__Data extract__.
━━━━━━━━━━━━━━━━

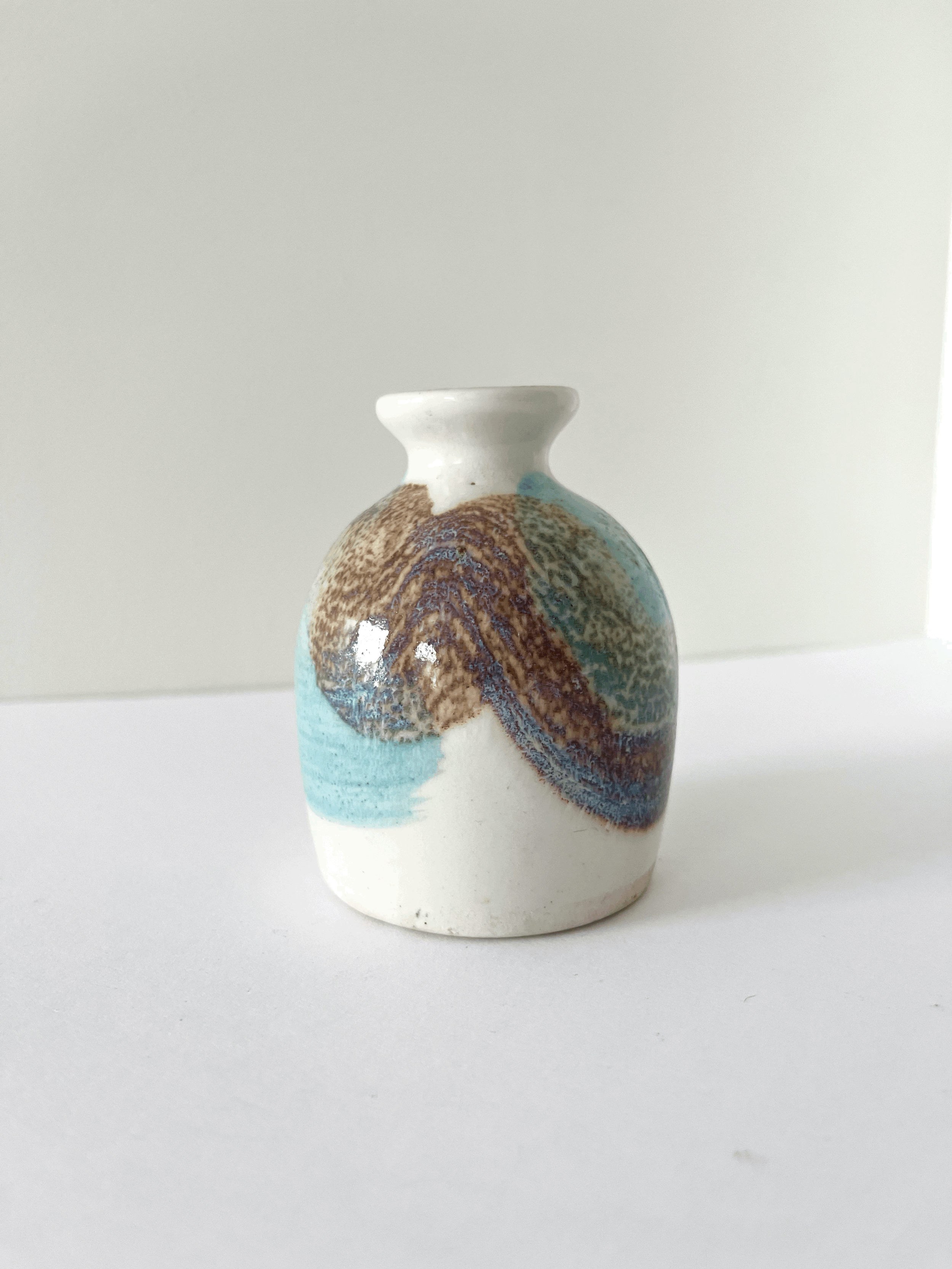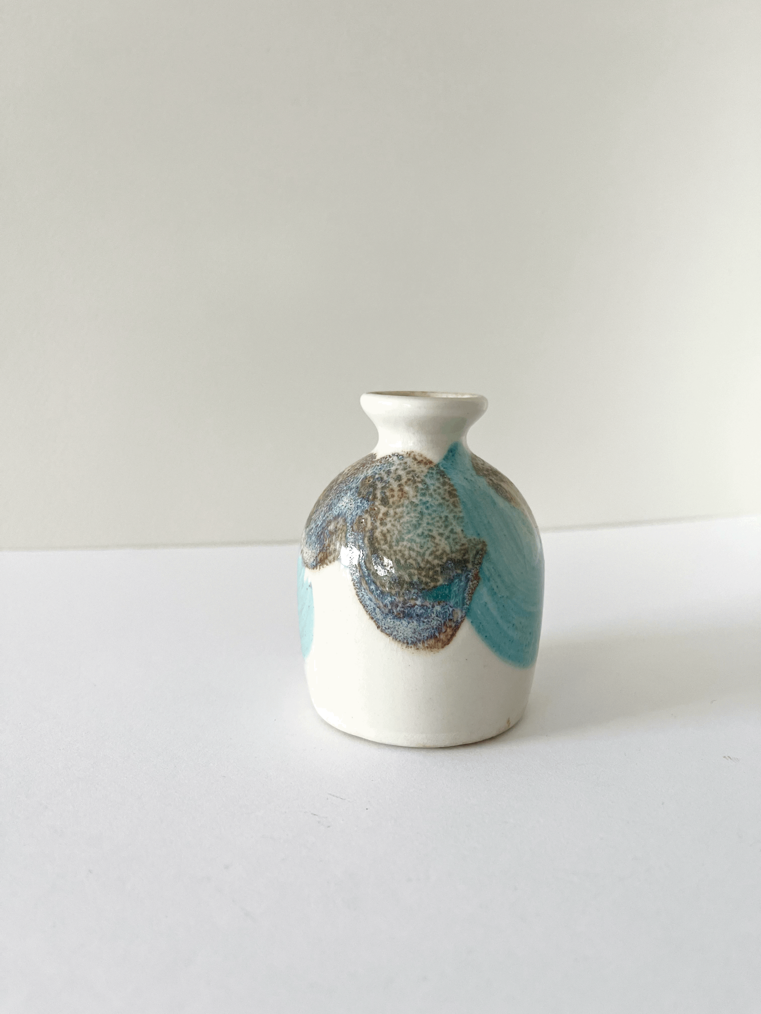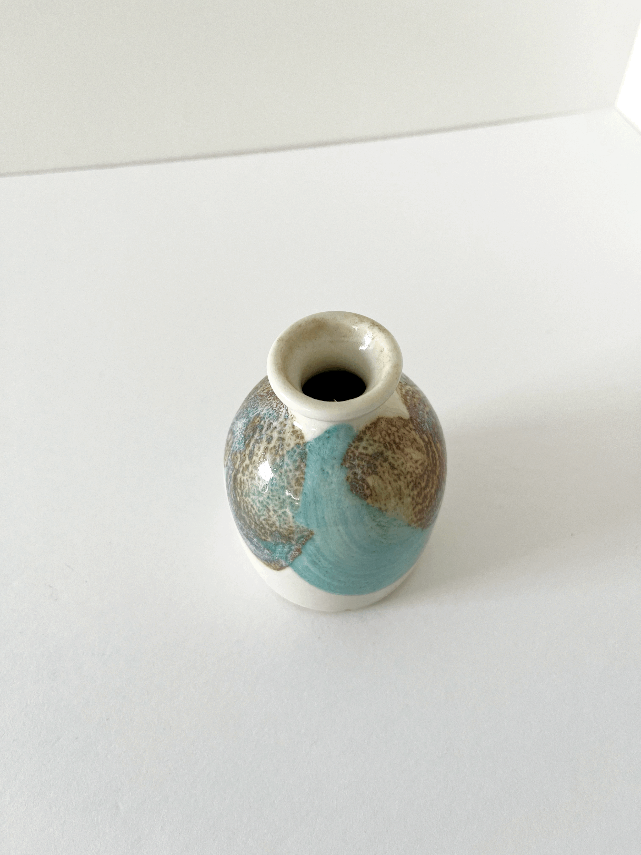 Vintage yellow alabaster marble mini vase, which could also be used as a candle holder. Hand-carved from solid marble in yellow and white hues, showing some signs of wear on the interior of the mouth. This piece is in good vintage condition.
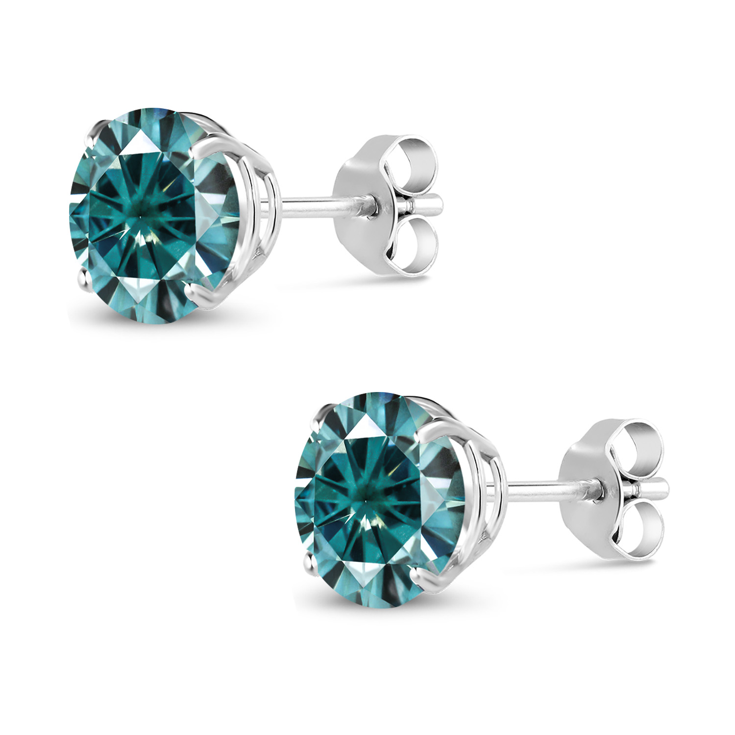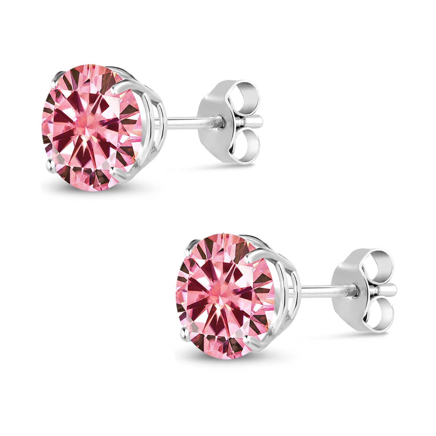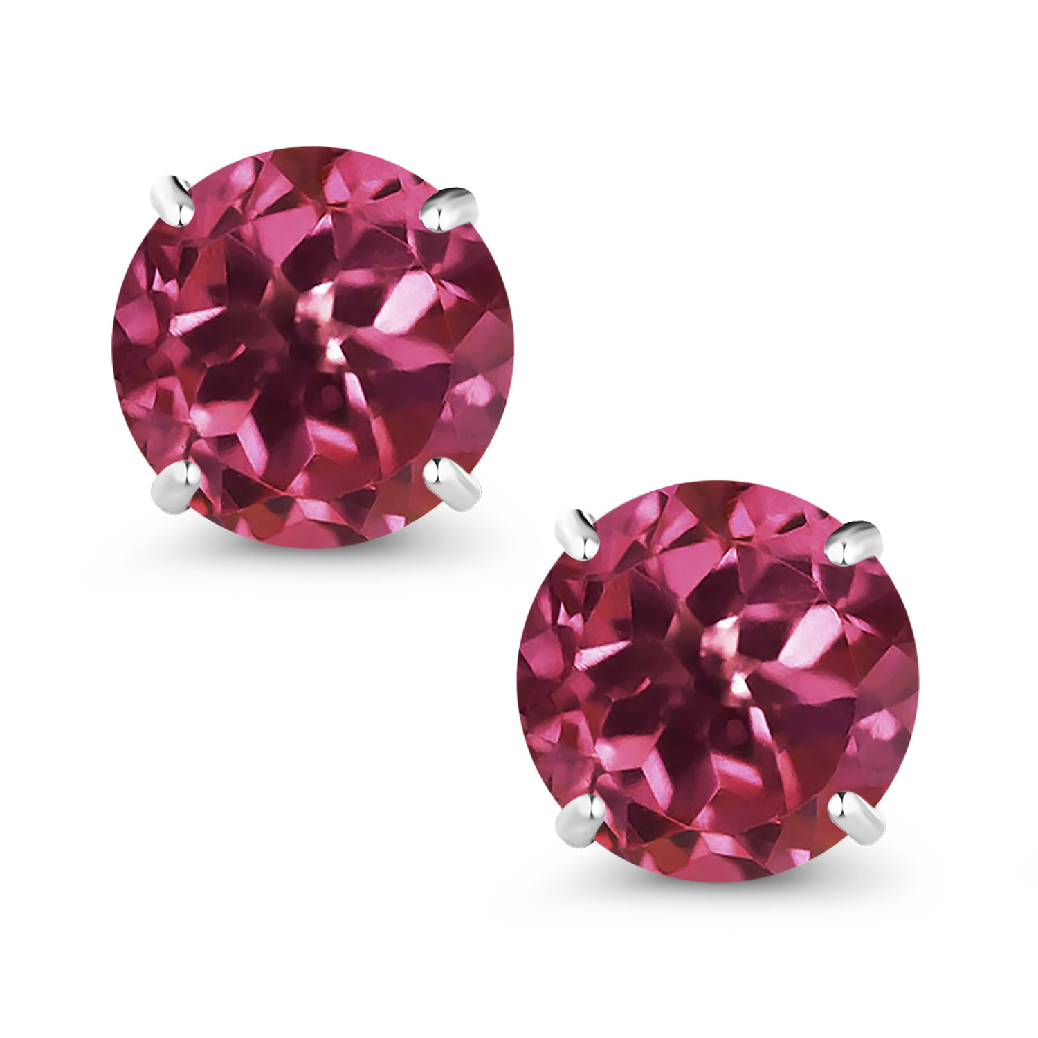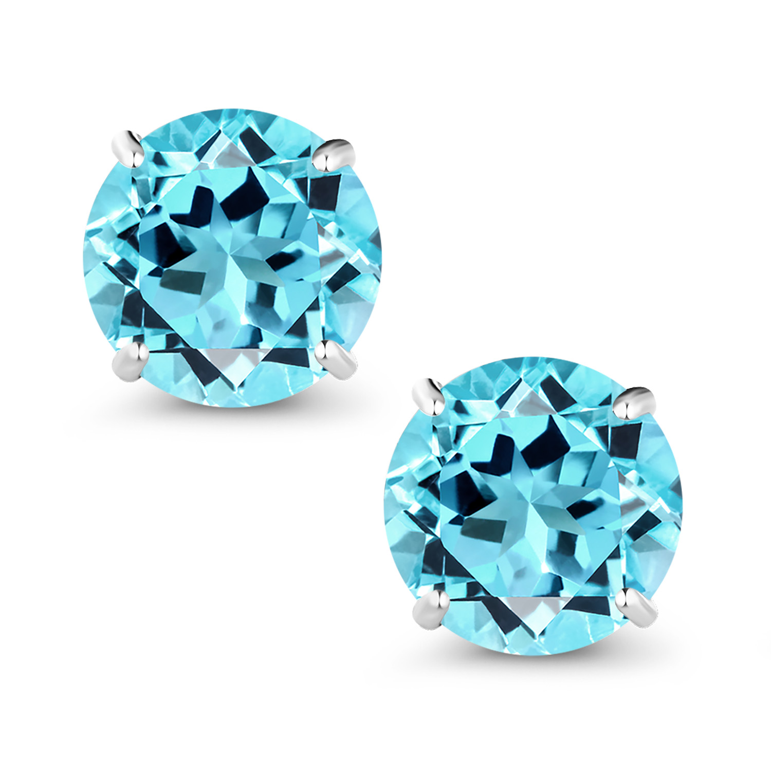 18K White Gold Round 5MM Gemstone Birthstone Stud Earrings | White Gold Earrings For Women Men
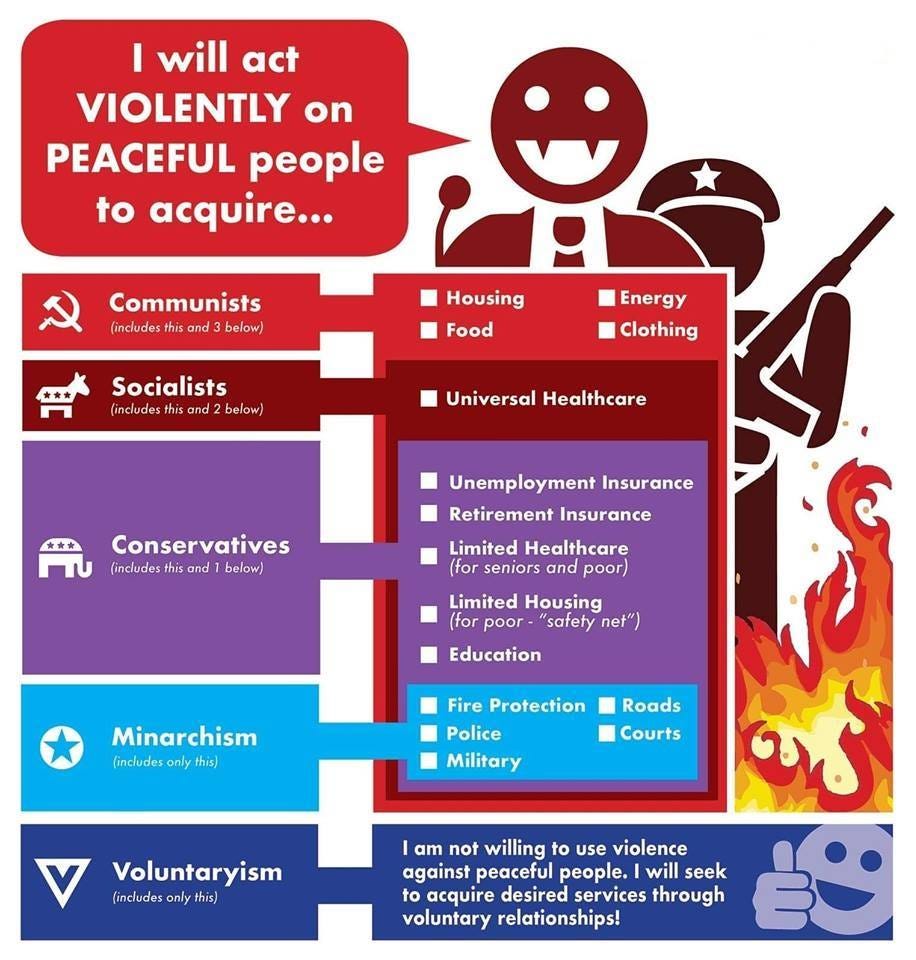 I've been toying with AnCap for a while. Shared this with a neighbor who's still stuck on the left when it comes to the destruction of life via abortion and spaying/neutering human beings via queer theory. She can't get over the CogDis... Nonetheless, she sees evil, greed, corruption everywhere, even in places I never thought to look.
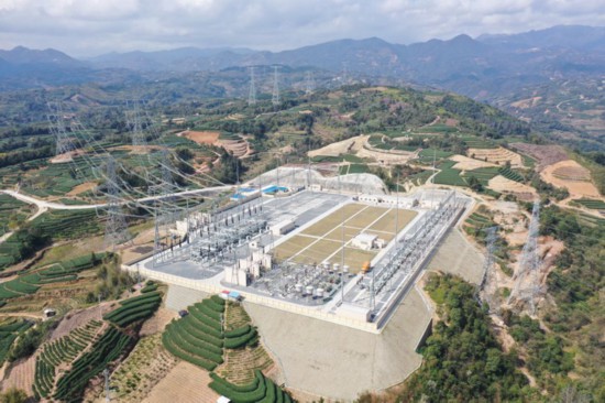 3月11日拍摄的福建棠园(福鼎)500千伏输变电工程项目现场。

━━━━━━━━━━━━━━━━

__The problem__.
All of the material above should be reproduced exactly, except the pictures.

__Your response__.
 Vintage yellow alabaster marble mini vase, which could also be used as a candle holder. Hand-carved from solid marble in yellow and white hues, showing some signs of wear on the interior of the mouth. This piece is in good vintage condition.
 18K White Gold Round 5MM Gemstone Birthstone Stud Earrings | White Gold Earrings For Women Men
 I've been toying with AnCap for a while. Shared this with a neighbor who's still stuck on the left when it comes to the destruction of life via abortion and spaying/neutering human beings via queer theory. She can't get over the CogDis... Nonetheless, she sees evil, greed, corruption everywhere, even in places I never thought to look.
 3月11日拍摄的福建棠园(福鼎)500千伏输变电工程项目现场。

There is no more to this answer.